* [AIM OF THE TASK]:
Return exactly the lines of the entries that start at the line containing "柏 総二朗さんを姓名の画数から五運を鑑定" and continue to the last line. Omit the pictures.

* [INFORMATION PROVIDED]:
+++++

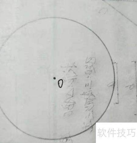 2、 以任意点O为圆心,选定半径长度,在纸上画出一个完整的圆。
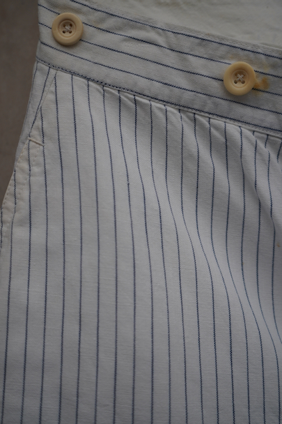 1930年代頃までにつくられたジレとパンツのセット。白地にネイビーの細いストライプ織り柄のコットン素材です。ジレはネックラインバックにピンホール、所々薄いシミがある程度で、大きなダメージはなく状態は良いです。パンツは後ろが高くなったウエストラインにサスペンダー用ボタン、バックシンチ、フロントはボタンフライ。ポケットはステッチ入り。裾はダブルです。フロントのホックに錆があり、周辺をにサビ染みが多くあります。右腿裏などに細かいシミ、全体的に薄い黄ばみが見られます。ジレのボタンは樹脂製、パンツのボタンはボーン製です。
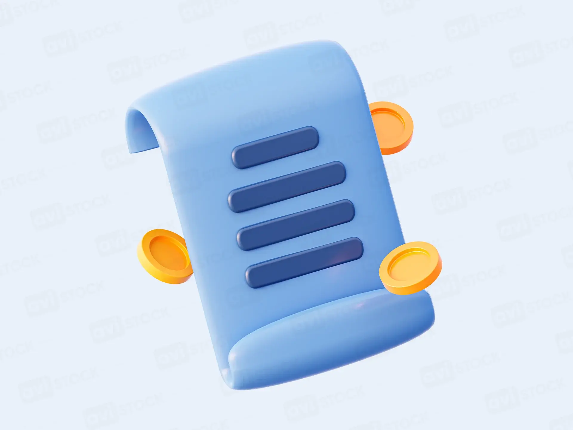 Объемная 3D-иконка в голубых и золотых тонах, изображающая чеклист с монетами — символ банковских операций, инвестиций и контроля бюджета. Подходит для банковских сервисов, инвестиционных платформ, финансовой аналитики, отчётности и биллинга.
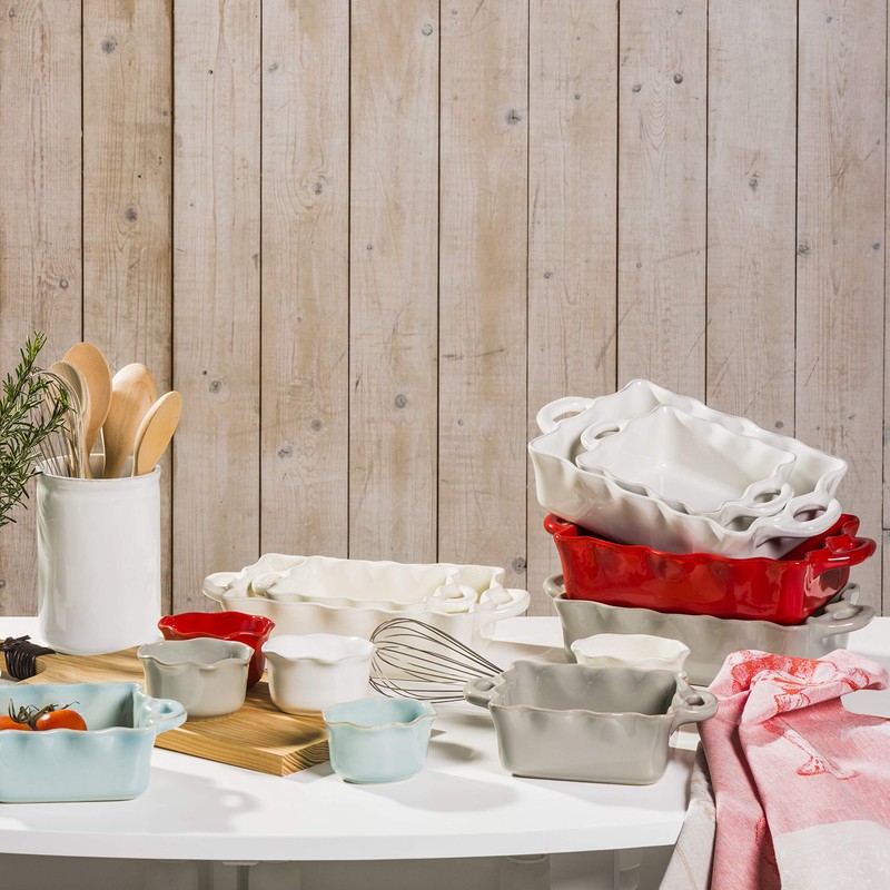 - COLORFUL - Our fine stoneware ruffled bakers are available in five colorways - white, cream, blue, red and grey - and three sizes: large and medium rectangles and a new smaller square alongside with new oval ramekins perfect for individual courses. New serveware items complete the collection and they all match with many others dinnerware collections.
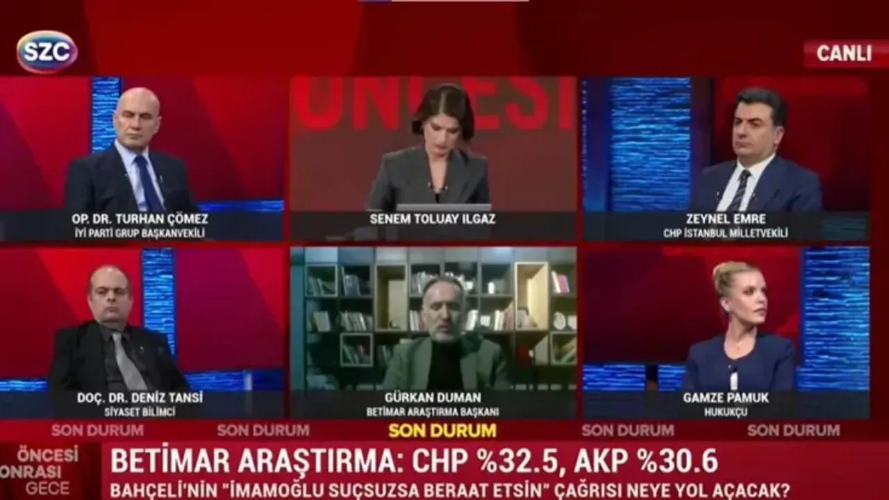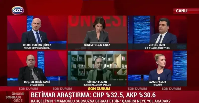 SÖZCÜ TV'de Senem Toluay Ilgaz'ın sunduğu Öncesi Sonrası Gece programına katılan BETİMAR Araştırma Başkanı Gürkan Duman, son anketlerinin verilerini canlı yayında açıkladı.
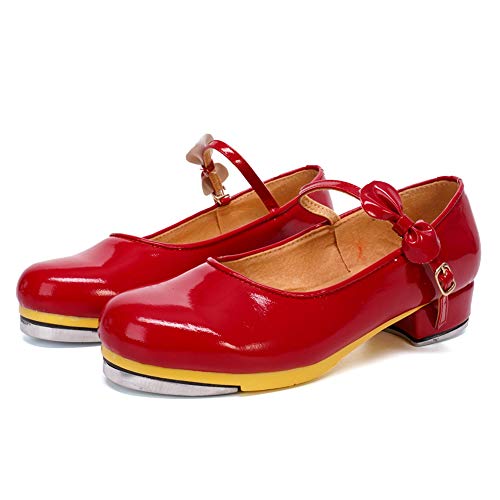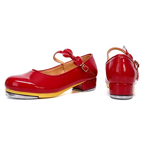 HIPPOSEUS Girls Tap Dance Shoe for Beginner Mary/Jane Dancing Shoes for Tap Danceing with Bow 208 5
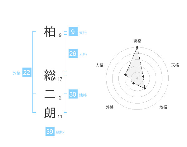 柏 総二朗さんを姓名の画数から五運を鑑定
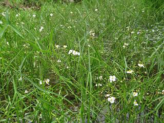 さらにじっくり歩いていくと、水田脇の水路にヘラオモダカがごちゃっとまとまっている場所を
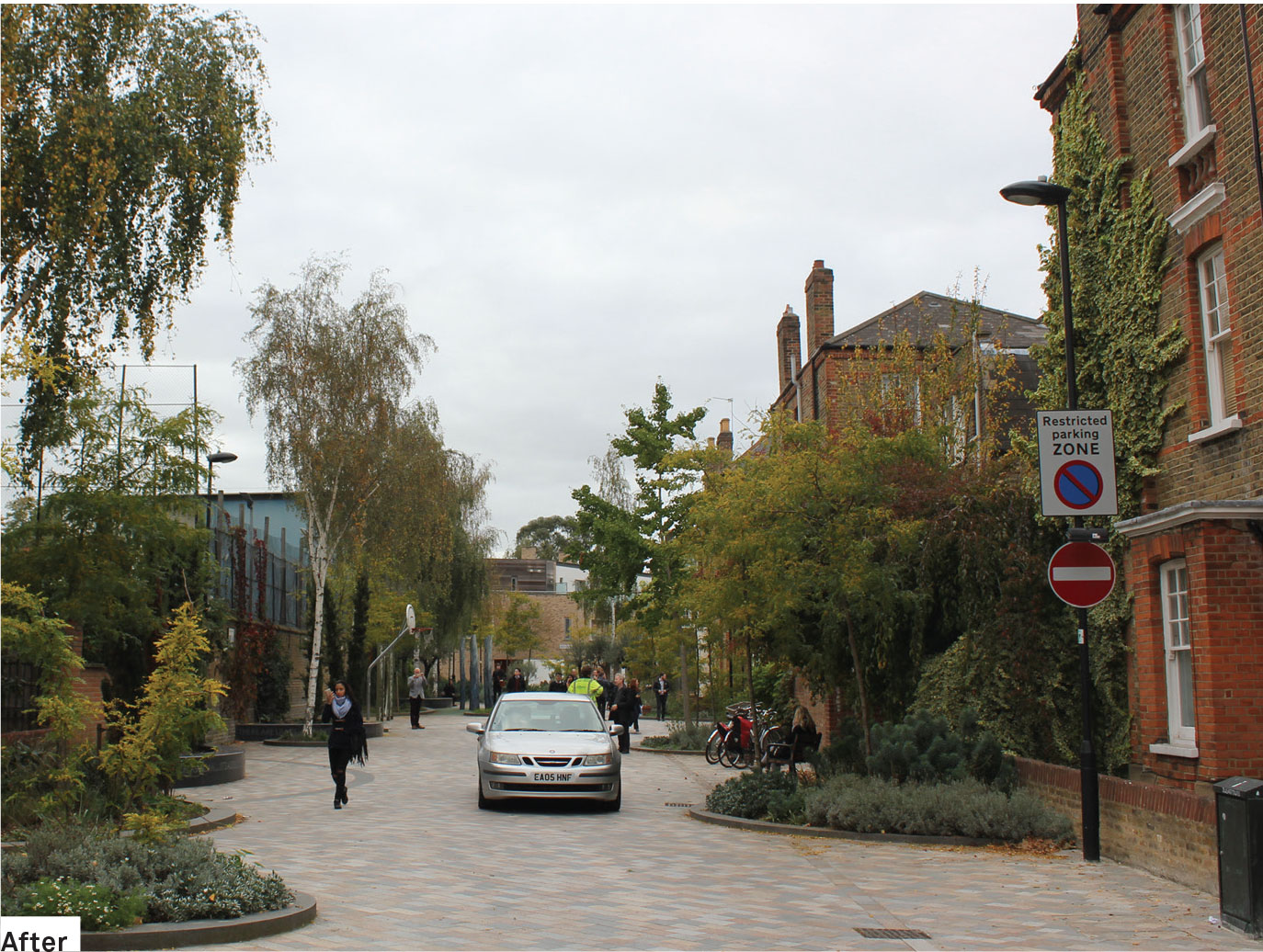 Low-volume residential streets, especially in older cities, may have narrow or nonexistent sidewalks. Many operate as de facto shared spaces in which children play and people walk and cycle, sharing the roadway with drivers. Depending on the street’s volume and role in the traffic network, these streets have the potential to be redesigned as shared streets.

+++++

* [RESULT BELOW]:
 柏 総二朗さんを姓名の画数から五運を鑑定
 さらにじっくり歩いていくと、水田脇の水路にヘラオモダカがごちゃっとまとまっている場所を
 Low-volume residential streets, especially in older cities, may have narrow or nonexistent sidewalks. Many operate as de facto shared spaces in which children play and people walk and cycle, sharing the roadway with drivers. Depending on the street’s volume and role in the traffic network, these streets have the potential to be redesigned as shared streets.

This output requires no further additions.